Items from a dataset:

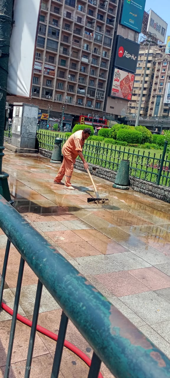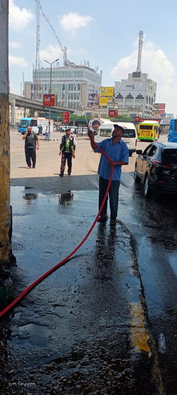 غسل عمال النظافة التابعين لهيئة نظافة وتجميل القاهرة ميدان رمسيس، وذلك ضمن حملة غسيل وتطهير لشوارع القاهرة بعد انتهاء إجازة عيد الضحى المبارك.
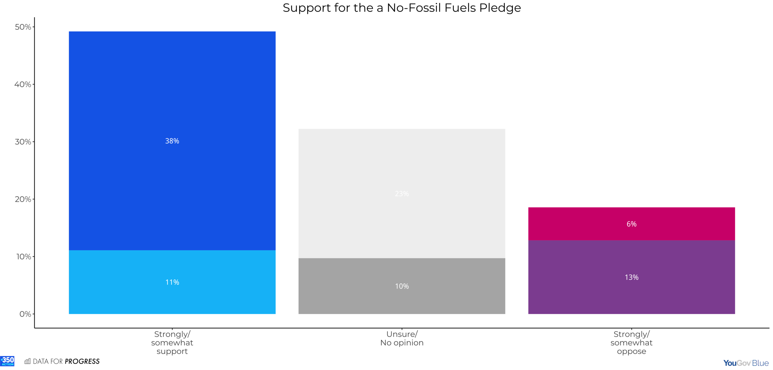 Finally, we asked respondents if they would support or oppose Federal candidates signing a pledge to refuse campaign contributions from the fossil fuel industry. Specifically, we asked respondents:
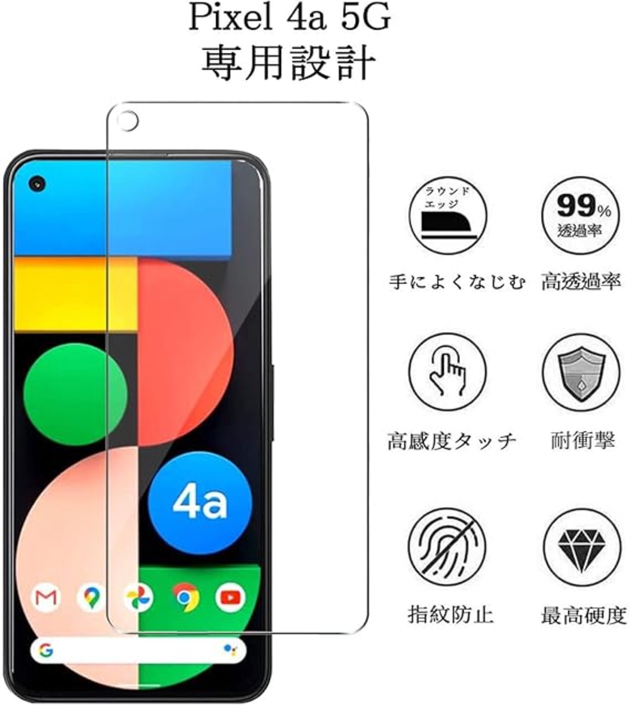 『 対応機種 』Google Pixel 4a 5G (6.2インチ)に適応しています。携帯は端部のカーブがフィルム剥がれ、浮きの防止、スマホケース装着スペース確保のため、機器の曲面の縁にスペースを残すデザインとなっています。Pixel 4a(5.8インチ)には対応しておりませんので、注意してください。
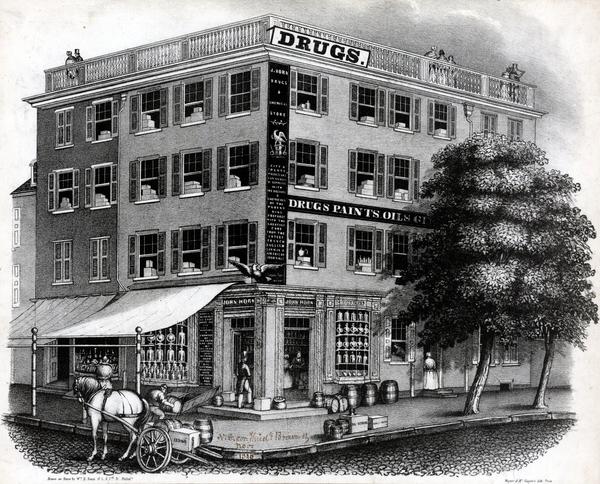 [John Horn, drugs and chemical store, N.E. corner of Third & Brown Streets, Philadelphia] [graphic] / Drawn on stone by W. H. Rease, 17 1/2 S. 5th. St.
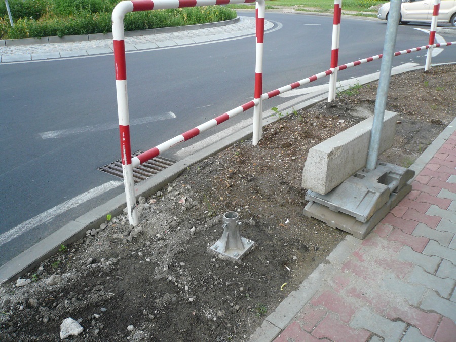 A další kus zábradlí je odstraněn. Pokud to bude pokračovat tímto tempem, zábradlí bude zlikvidováno projíždějícími vozidly.
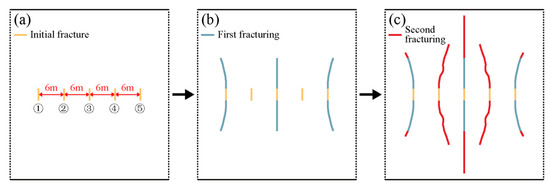 According to the fracturing design method proposed above, XFEM was used to verify it. Five initial fractures were arranged as perforations and numbered (Figure 9a). First fracturing ①③⑤, the first fracture path was obtained (Figure 9b). Under the effect of stress shadow, fractures ① and ⑤ expand backward, while fracture ③ expands along the direction of maximum principal stress. The middle of the fracture is always the unfractured zone. Therefore, after the completion of the first fracturing, the perforations ② and ④ can be re-fractured to obtain the fracture path after the second fracturing (Figure 9c). During the second fracturing, the hydraulic fracture path deflects under the influence of the pre-existing hydraulic fractures. Both fractures ② and ④ will deflect towards fracture ③, and eventually converge to form a fracture network. Meanwhile, the secondary fracturing can activate the primary fracturing silent fracture, so that the fracture of the first fracturing can be reactivated and expanded, further increasing the fracture distribution area. In addition, after the second fracturing, there is still an unfractured zone in the middle of the two perforations. Therefore, a new perforation can be inserted between the two perforations to perform multi-batch fracturing, although the number of fracturing processes in multi-batch fracturing needs to be studied further. This fracturing design scheme can effectively obtain a complex fracture network and improve the production rate.
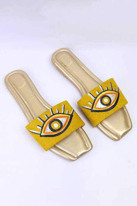 Yellow flats with hand painted top strap featuring eye motif.
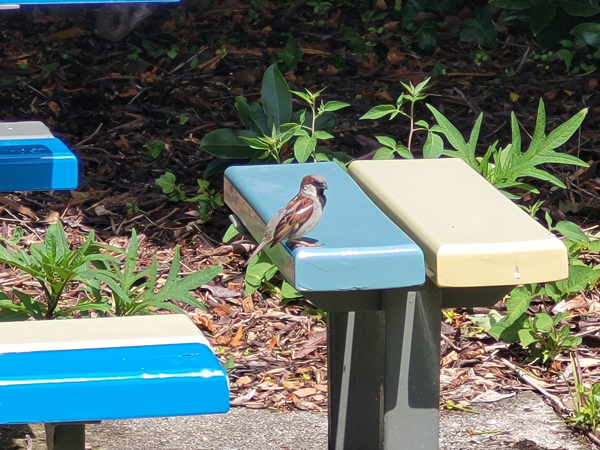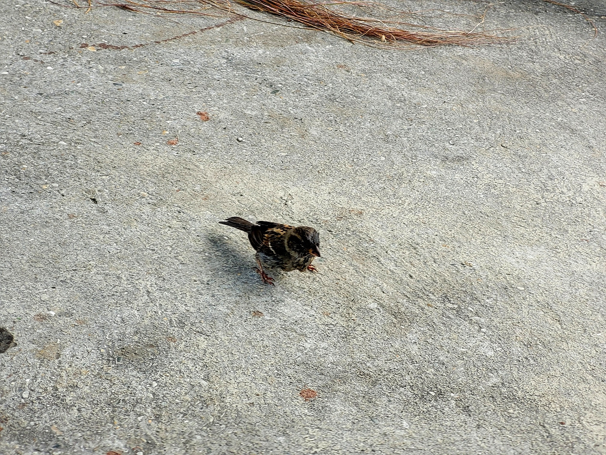 배부르게 먹고 있으니 근처의 참새들이 몰린다. 일부러 주는 것은 아니고 실수로 흘리면 눈치를 보면서 살금살금 다가와서 물어간다.
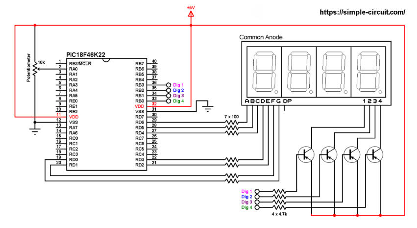 A CA display usually uses PNP transistors, so you have to invert the outputs of #PORTB. This doesn't improve readability, but the operation remains the same.
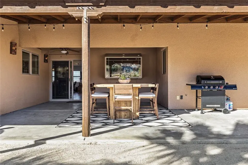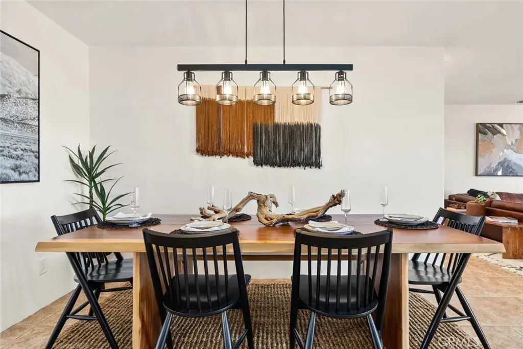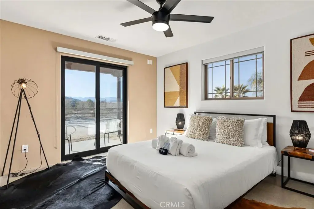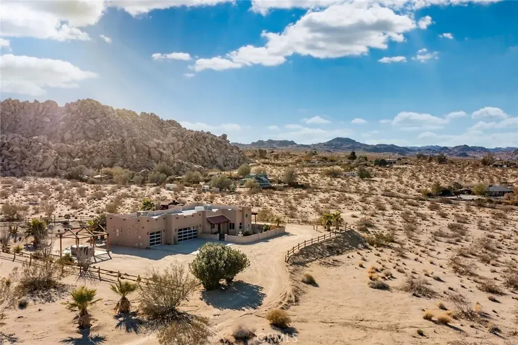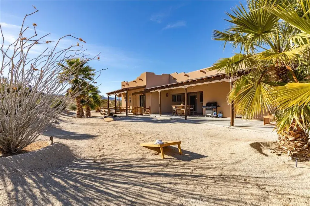 CASA MILLA: Tucked up near Joshua Tree National Park, this splendid property offers wilderness hikes from the backdoor and views of nearby boulder mountains from the back porch. Santa Fe style estate features panoramic views of the Park to the south, sweeping views of the ancient dry lakebed below to the north, and breathtaking sunsets over the mountains of Big Bear to the west. Spread out over 3 bedrooms, including a primary suite offers an ensuite bath, open living areas, in addition to a workspace, and private outdoor access. Active furnished, turnkey Airbnb. Management in place. Exterior includes a spa, firepit, BBQ, outdoor shower and two outdoor bathrooms with a double vanity, set against sprawling desert landscaped grounds. Ideal for large families, entourage, or guests, the home also features a large game room (pool table, TV and oversized games), as well as ample seating for indoor/outdoor dining. For those looking for a workcation, you’ll find 3 bedrooms perfectly outfitted with desks/work spaces. Located in the premier South Joshua Tree area and only minutes to downtown Joshua Tree. Access to Interstate-10 leading to LA and Palm Springs International Airport.
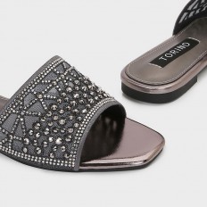 ZX3250 نعال مسطح بخامة من التول المرصع بالستراس - Torino
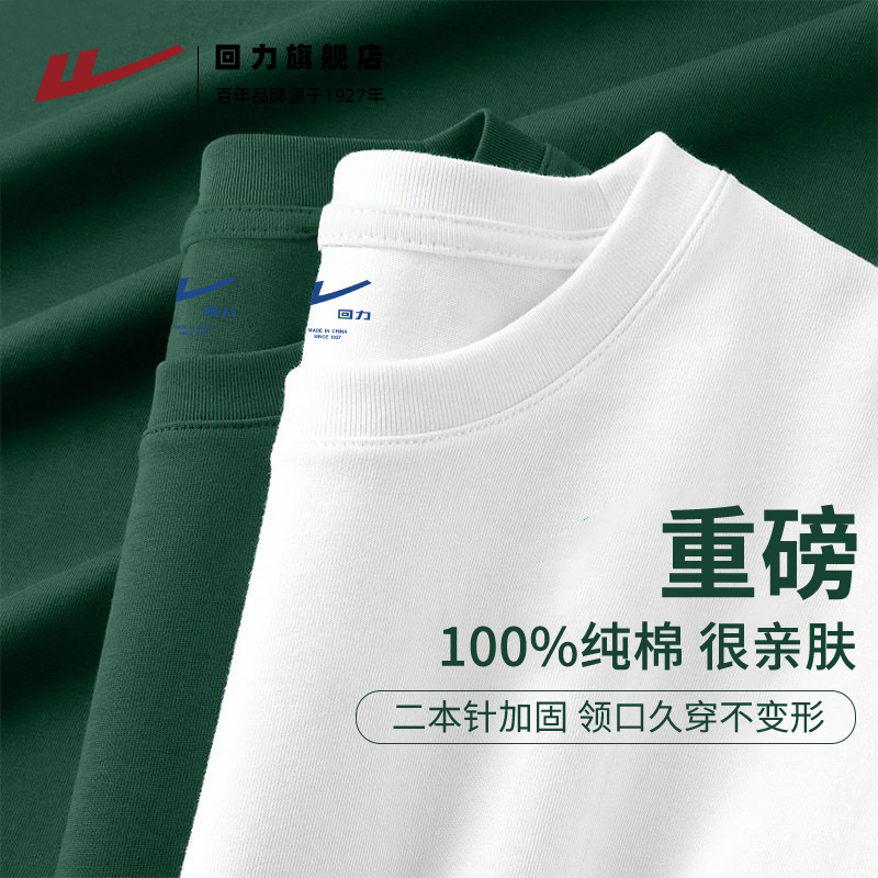 回力短袖男款夏季重磅纯棉纯色t恤男生夏装新款半袖男士上衣服潮H
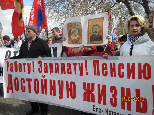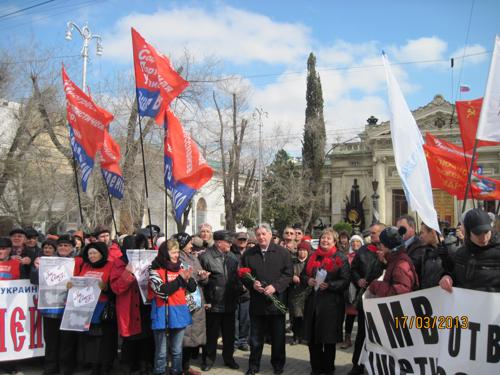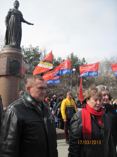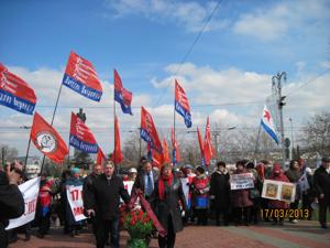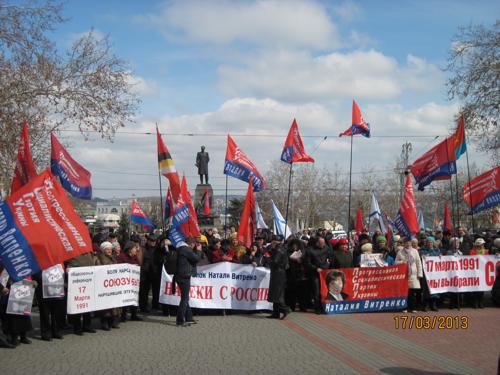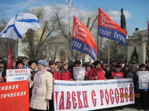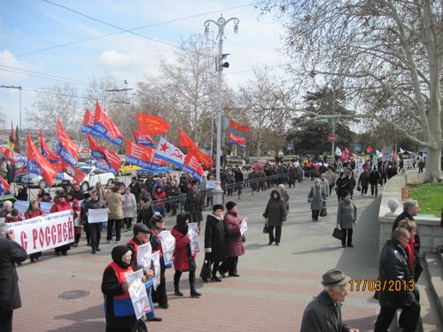 Красочная колонна, во главе которой шли политики-борцы , прошла улицей Ленина до Мемориала героической обороны Севастополя. Гордо развевались флаги Детей войны Севастополя, Блока Наталии Витренко, Союзного движения "17 марта", партии Киевская Русь. Со своими штандартами прошли представители пророссийских и молодежных организаций. Призывы на транспарантах ярко заявили о стремлении нашего народа: "Спасение Украины в Таможенном союзе!", "17 марта 1991 года мы выбрали Союз!", "Кабмин – в отставку! Олигархов на свалку!", "Навеки с Россией!", "Работу! Зарплату! Пенсию! Достойную жизнь!"

■ WORK ORDER
Retype every record as it stands. None of the pictures should appear.

■ WRITTEN RESPONSE
 غسل عمال النظافة التابعين لهيئة نظافة وتجميل القاهرة ميدان رمسيس، وذلك ضمن حملة غسيل وتطهير لشوارع القاهرة بعد انتهاء إجازة عيد الضحى المبارك.
 Finally, we asked respondents if they would support or oppose Federal candidates signing a pledge to refuse campaign contributions from the fossil fuel industry. Specifically, we asked respondents:
 『 対応機種 』Google Pixel 4a 5G (6.2インチ)に適応しています。携帯は端部のカーブがフィルム剥がれ、浮きの防止、スマホケース装着スペース確保のため、機器の曲面の縁にスペースを残すデザインとなっています。Pixel 4a(5.8インチ)には対応しておりませんので、注意してください。
 [John Horn, drugs and chemical store, N.E. corner of Third & Brown Streets, Philadelphia] [graphic] / Drawn on stone by W. H. Rease, 17 1/2 S. 5th. St.
 A další kus zábradlí je odstraněn. Pokud to bude pokračovat tímto tempem, zábradlí bude zlikvidováno projíždějícími vozidly.
 According to the fracturing design method proposed above, XFEM was used to verify it. Five initial fractures were arranged as perforations and numbered (Figure 9a). First fracturing ①③⑤, the first fracture path was obtained (Figure 9b). Under the effect of stress shadow, fractures ① and ⑤ expand backward, while fracture ③ expands along the direction of maximum principal stress. The middle of the fracture is always the unfractured zone. Therefore, after the completion of the first fracturing, the perforations ② and ④ can be re-fractured to obtain the fracture path after the second fracturing (Figure 9c). During the second fracturing, the hydraulic fracture path deflects under the influence of the pre-existing hydraulic fractures. Both fractures ② and ④ will deflect towards fracture ③, and eventually converge to form a fracture network. Meanwhile, the secondary fracturing can activate the primary fracturing silent fracture, so that the fracture of the first fracturing can be reactivated and expanded, further increasing the fracture distribution area. In addition, after the second fracturing, there is still an unfractured zone in the middle of the two perforations. Therefore, a new perforation can be inserted between the two perforations to perform multi-batch fracturing, although the number of fracturing processes in multi-batch fracturing needs to be studied further. This fracturing design scheme can effectively obtain a complex fracture network and improve the production rate.
 Yellow flats with hand painted top strap featuring eye motif.
 배부르게 먹고 있으니 근처의 참새들이 몰린다. 일부러 주는 것은 아니고 실수로 흘리면 눈치를 보면서 살금살금 다가와서 물어간다.
 A CA display usually uses PNP transistors, so you have to invert the outputs of #PORTB. This doesn't improve readability, but the operation remains the same.
 CASA MILLA: Tucked up near Joshua Tree National Park, this splendid property offers wilderness hikes from the backdoor and views of nearby boulder mountains from the back porch. Santa Fe style estate features panoramic views of the Park to the south, sweeping views of the ancient dry lakebed below to the north, and breathtaking sunsets over the mountains of Big Bear to the west. Spread out over 3 bedrooms, including a primary suite offers an ensuite bath, open living areas, in addition to a workspace, and private outdoor access. Active furnished, turnkey Airbnb. Management in place. Exterior includes a spa, firepit, BBQ, outdoor shower and two outdoor bathrooms with a double vanity, set against sprawling desert landscaped grounds. Ideal for large families, entourage, or guests, the home also features a large game room (pool table, TV and oversized games), as well as ample seating for indoor/outdoor dining. For those looking for a workcation, you’ll find 3 bedrooms perfectly outfitted with desks/work spaces. Located in the premier South Joshua Tree area and only minutes to downtown Joshua Tree. Access to Interstate-10 leading to LA and Palm Springs International Airport.
 ZX3250 نعال مسطح بخامة من التول المرصع بالستراس - Torino
 回力短袖男款夏季重磅纯棉纯色t恤男生夏装新款半袖男士上衣服潮H
 Красочная колонна, во главе которой шли политики-борцы , прошла улицей Ленина до Мемориала героической обороны Севастополя. Гордо развевались флаги Детей войны Севастополя, Блока Наталии Витренко, Союзного движения "17 марта", партии Киевская Русь. Со своими штандартами прошли представители пророссийских и молодежных организаций. Призывы на транспарантах ярко заявили о стремлении нашего народа: "Спасение Украины в Таможенном союзе!", "17 марта 1991 года мы выбрали Союз!", "Кабмин – в отставку! Олигархов на свалку!", "Навеки с Россией!", "Работу! Зарплату! Пенсию! Достойную жизнь!"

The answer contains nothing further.